The Green Report | Pause, Resume, and Retry: Surviving Interrupted Eval Runs in Promptfoo

Pause, Resume, and Retry: Surviving Interrupted Eval Runs in Promptfoo

Apr 25th 2026 6 min read

easy

ai/ml

gpt

ci/cd

Running a 50-test eval suite is satisfying right up until your VPN drops on test 31, your CI job times out at the 10-minute mark, or OpenAI decides it's a great time to rate limit you. Promptfoo has a pair of CLI flags that most engineers never notice: --resume and --retry-errors. Together they mean a failed run is never a full restart.
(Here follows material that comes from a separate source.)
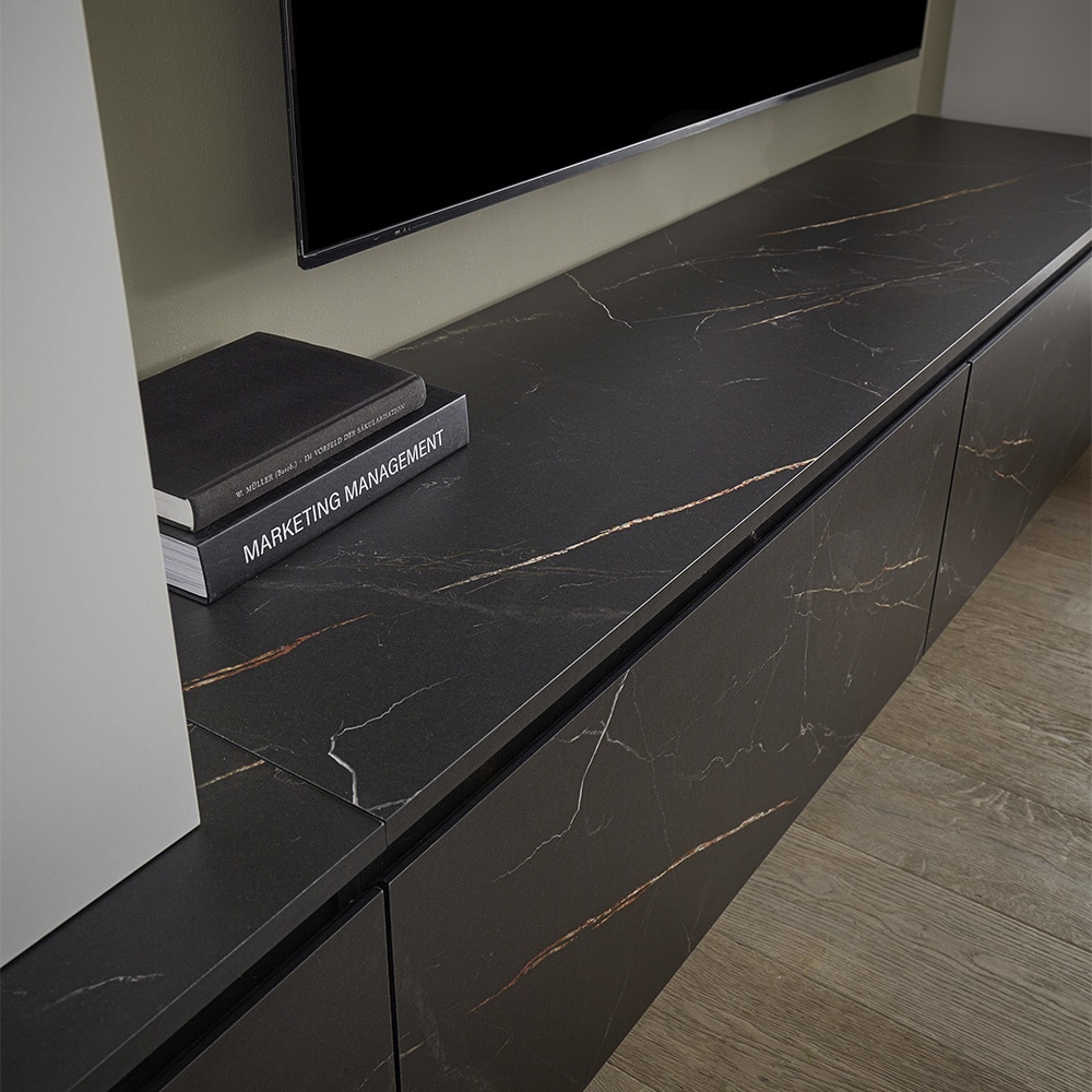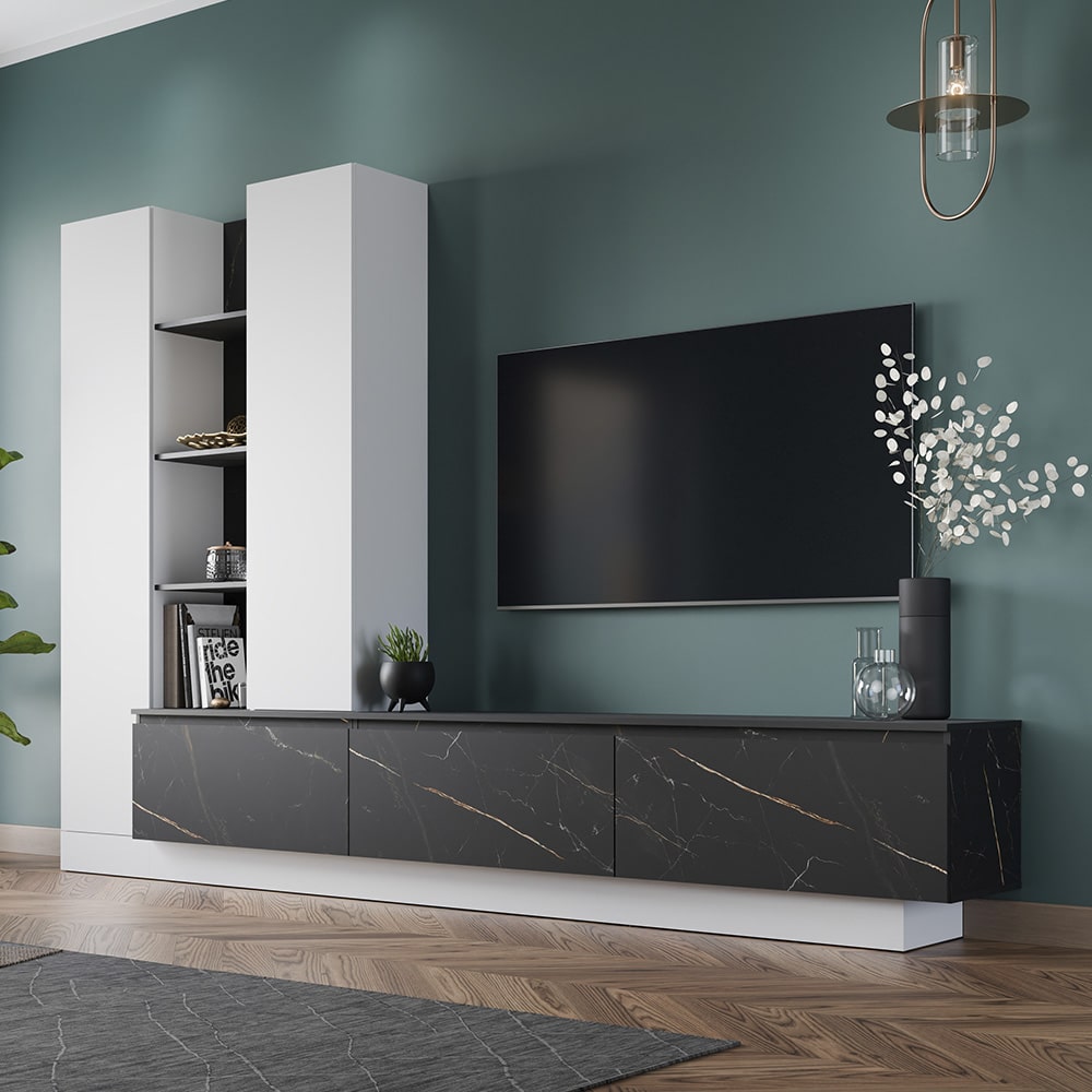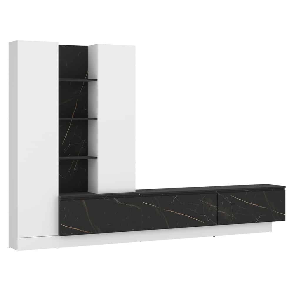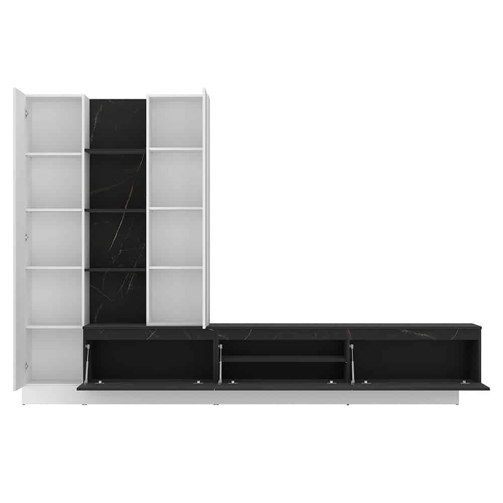 Die Wohnwand Morana (ca. 295x201x40 cm) in Alpinweiß ist grifflos und modern gestaltet, mit einer stilvollen Absetzung in Keramikoptik – perfekt für ein elegantes Wohnzimmer.

This post shows you exactly how they work, with a setup you can run yourself in under five minutes.

The Demo Setup

The project is four files in a single folder:

promptfoo-resume-demo/
├── promptfooconfig.yaml
├── prompt.txt
├── tests.csv
└── hooks.js

prompt.txt is a simple customer support system prompt with a single {{message}} variable. tests.csv holds 15 test cases, each one a realistic customer inquiry with a basic contains assertion. hooks.js logs each test result to the terminal as it completes and prints a pass rate summary at the end. The config ties everything together and sets two options that matter for this demo: maxConcurrency: 2 keeps the run slow enough to interrupt comfortably, and delay: 800 adds an 800ms pause between tests so you have a clear window to hit Ctrl+C.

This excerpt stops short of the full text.